─── Dataset excerpts ───
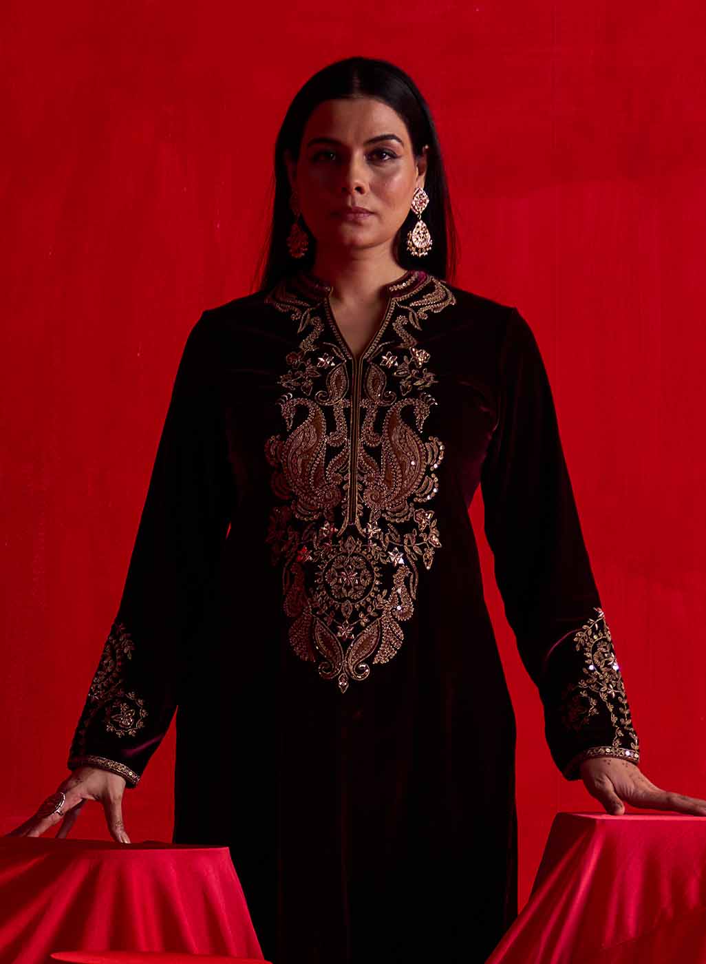 Black Printed Velvet Kurta Set with Brass Work and Zari Work
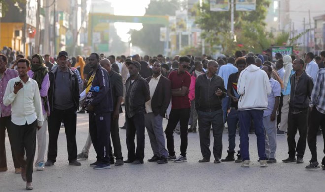People queue to cast their votes during the 2024 Somaliland presidential election at a polling station in Hargeisa, Somaliland, Nov. 13, 2024.
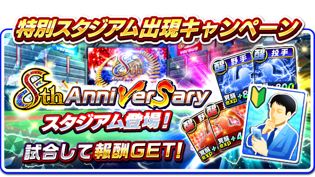 全国リーグで試合を行う際、8周年を記念した特別な球場が出現することがあり、試合を行うことで様々なアイテムを獲得できる。
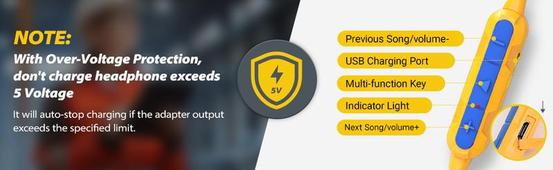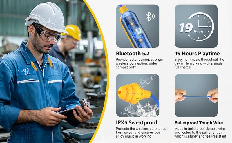 - 【19+ Hours Battery with Smart Charging Protection】 Power through your workday with up to 19 hours of continuous use,perfect for construction workers with long shifts. A 220mAh battery keeps the music or calls going, while built-in over-voltage protection stops charging when needed—safe and smart for any worksite.
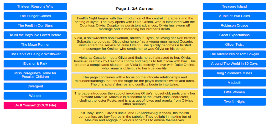 • Une fois les paragraphes correctement disposés, le bouton « Page suivante » s'active, permettant au joueur d'avancer.
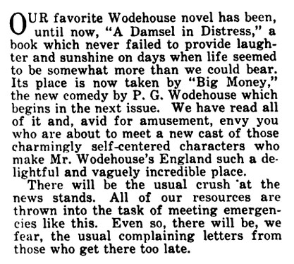 The list of Wodehouse’s contributions to Collier’s in the period from 1910 to 1922 were freshly proofread against scans of the original magazine pages during 2013–15, and later items through 1930 have been similarly proofread in subsequent years. Enjoy, and let us know of anything that needs further examination. As time permits, annotations are being added to these stories, as indicated by the symbol ✎.
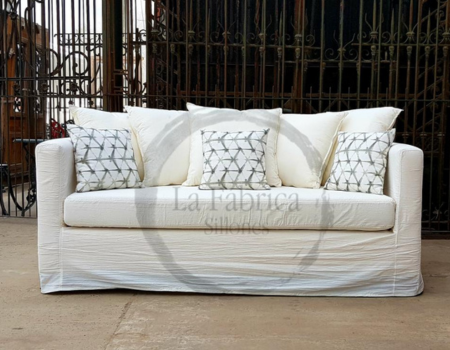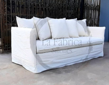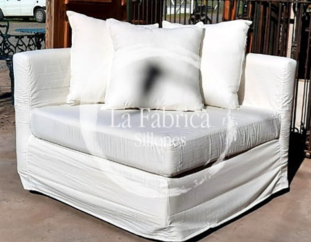 Sillón individual muy versatil de 1.00 x 1.00mt, tapizado en lienzo con funda en tusor, este modelo puede ser combinable con modúlos o bien con opción de otro igual para formar
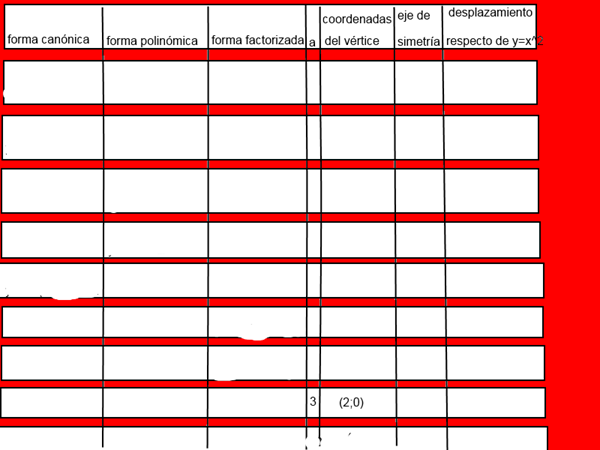 Bueno aquí tengo un cuadro de la función cuadrática espero que puedan hacerlo uwu les agradecería mucho como debo hacerlos en partes faltan 1 mas :3
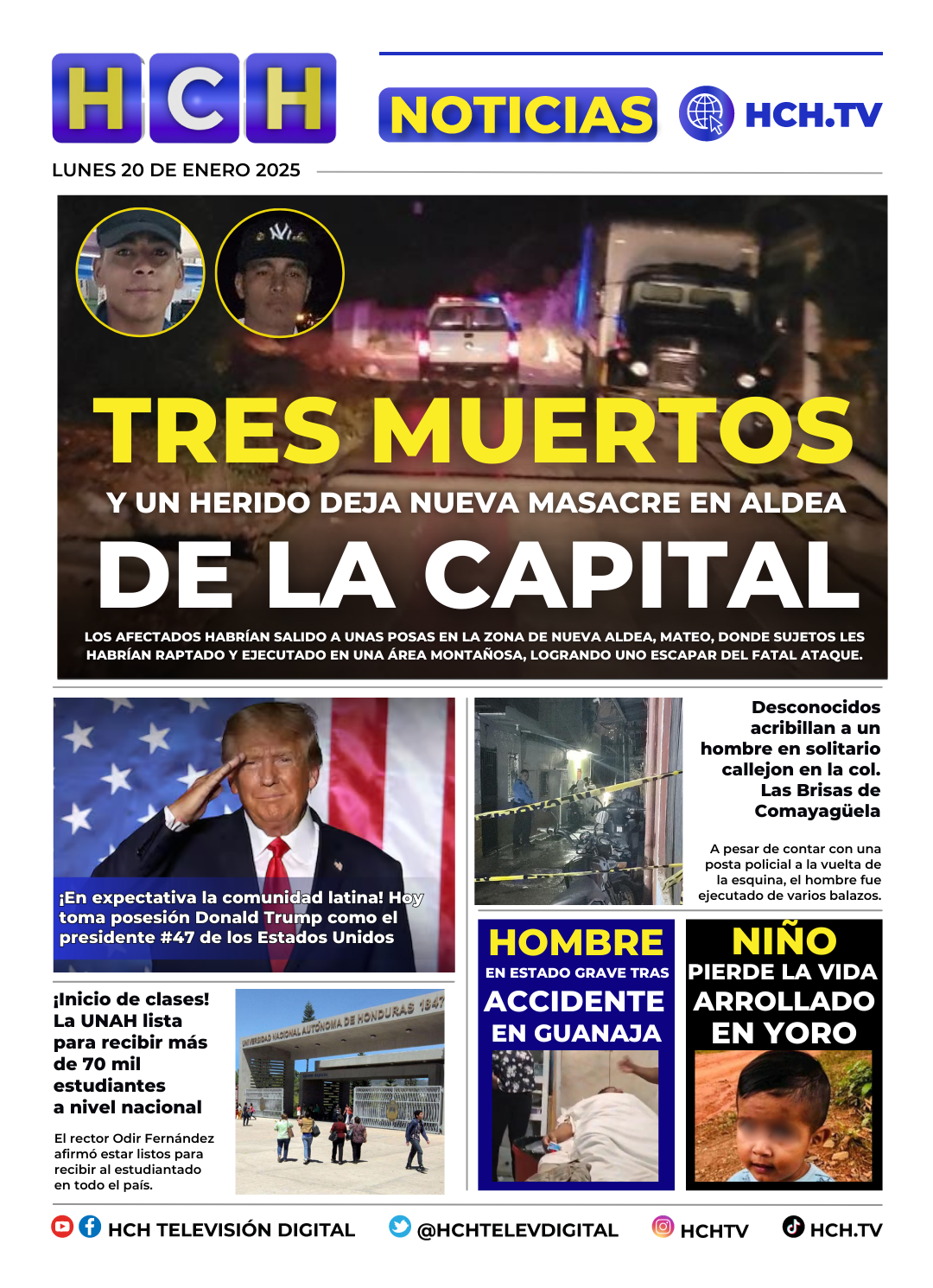 © 2025 - HCH Televisión Digital - Noticias de Honduras y el Mundo. Anillo Periférico, Complejo Empresarial Tegucigalpa, Honduras, C.A. Tel: (504) 2235-3245 / 2235-3246 / 2235-4875 / 2235-4876 LLÁMENOS GRATIS DESDE EE.UU: 3052801682 y 3052801735 © Copyright 2025 - HCH Televisión Digital. Todos nuestros contenidos están protegidos con derechos de autor.
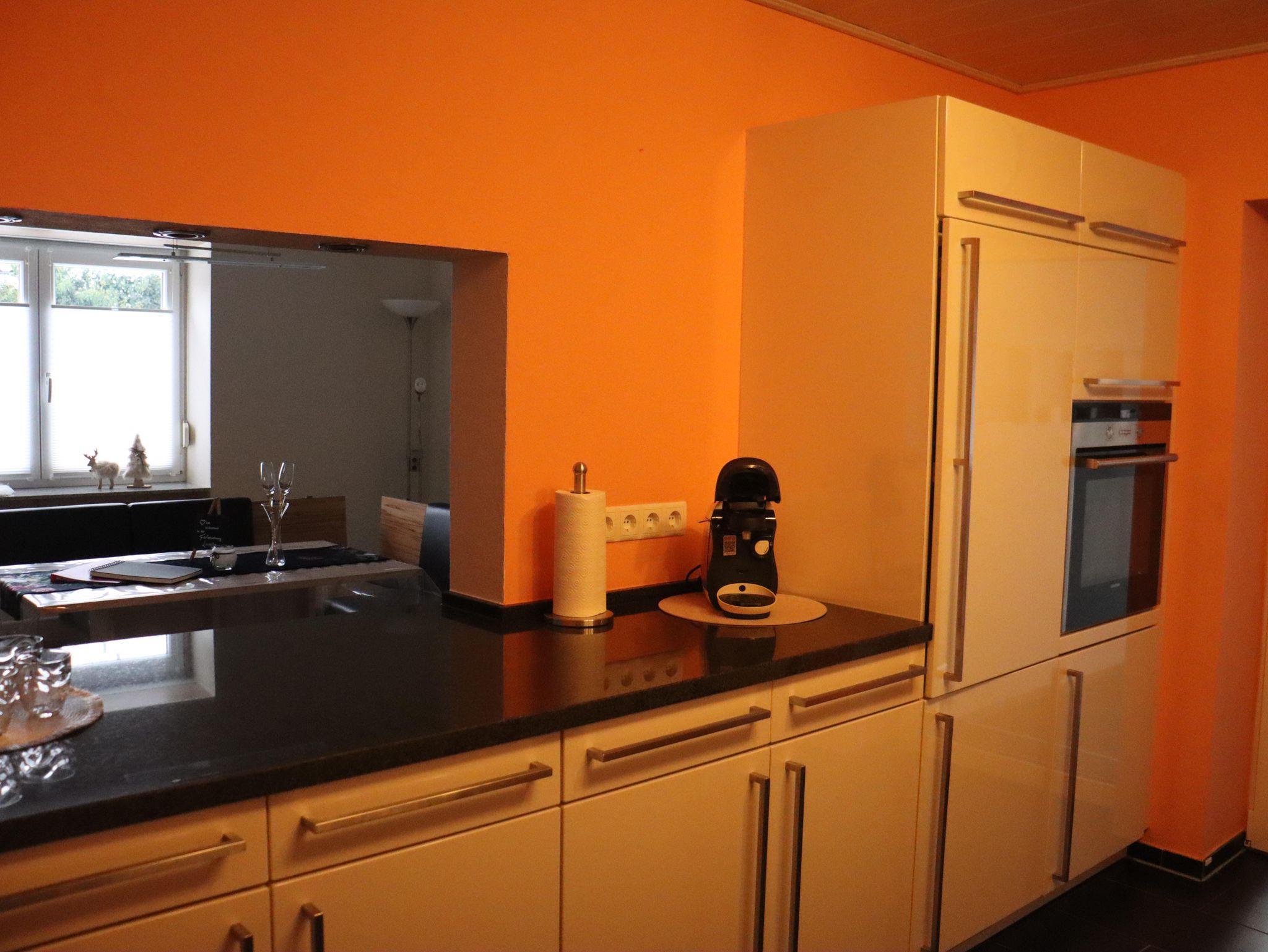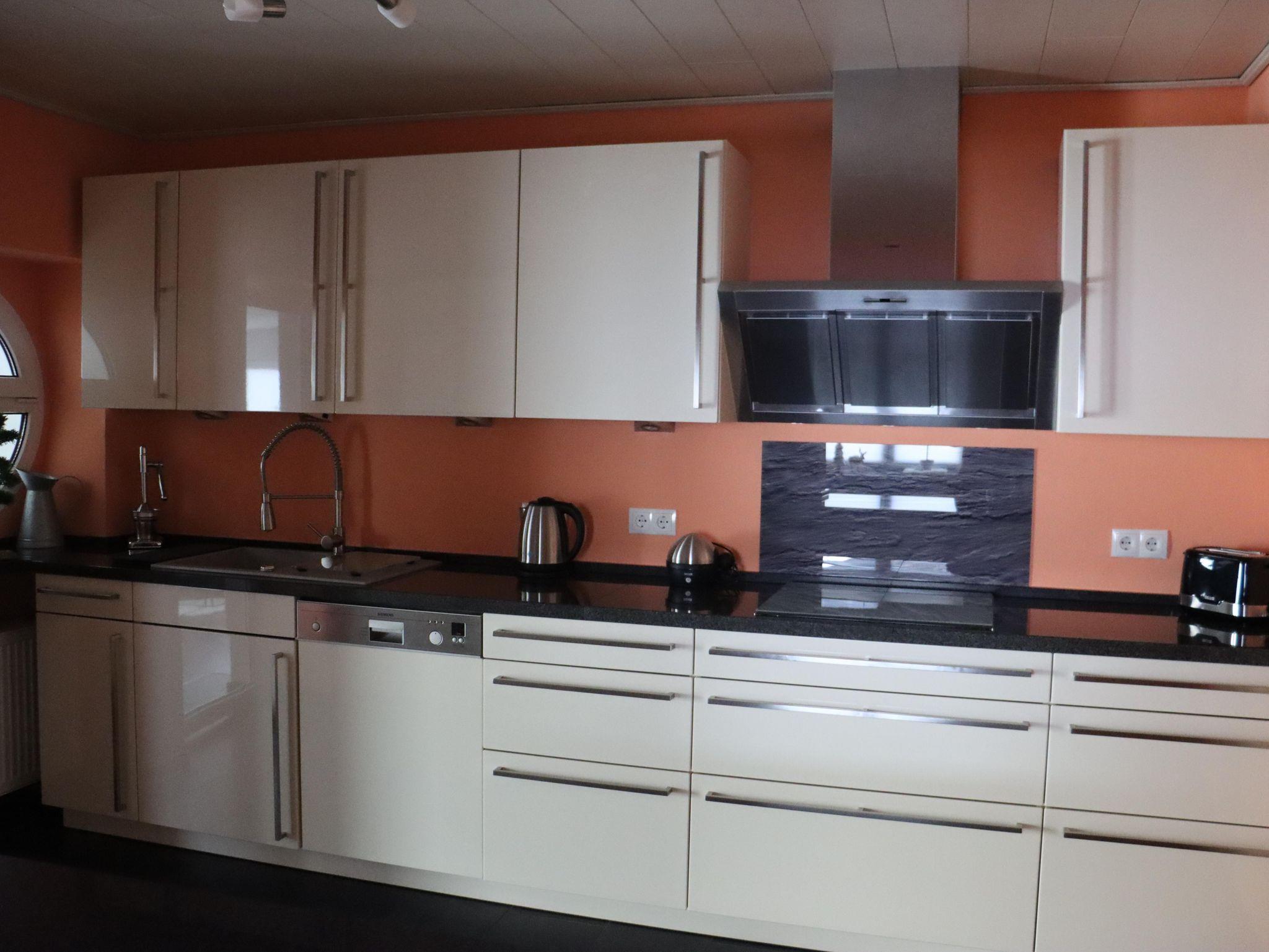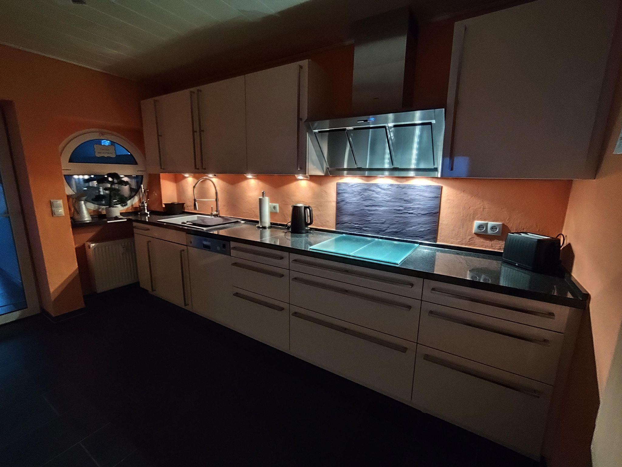Die großzügige Ferienwohnung verfügt auf ca. 120 qm über ein helles Wohnzimmer mit Glaskuppel, ein Esszimmer mit Durchreiche zur Küche, eine voll ausgestattete Küche mit Gefrierschrank, mit Kaffeemaschine, Toaster, Wasserkocher, Eierkocher, Spülmaschine, Mikrowelle mit Grillfunktion, Induktionskochfeld sowie Backofen, eine Diele, 2 getrennte Schlafzimmer (für bis zu 4 Personen), ein modernes Badezimmer mit barrierefreier Regendusche und WC, Föhn und diverse Hygieneartikel, Schreibtisch sowie eine Terrasse (kleine Sitzgelegenheit) mit Lounge Möbeln und Kontaktgrill für den Außenbereich. Die beiden Schlafzimmer sowie das Wohnzimmer sind mit 55-Zoll und 32-Zoll-TVs ausgestattet. Zur Temperierung steht Ihnen in den Sommermonaten ein mobiles Klimagerät zur Verfügung.
───
-- Work instructions --
Above are some entries; copy exactly the lines from the line with "People queue to" through the line with "全国リーグで試合を行う際、8", both included, but none of the pictures.

-- Result for this task --
People queue to cast their votes during the 2024 Somaliland presidential election at a polling station in Hargeisa, Somaliland, Nov. 13, 2024.
 全国リーグで試合を行う際、8周年を記念した特別な球場が出現することがあり、試合を行うことで様々なアイテムを獲得できる。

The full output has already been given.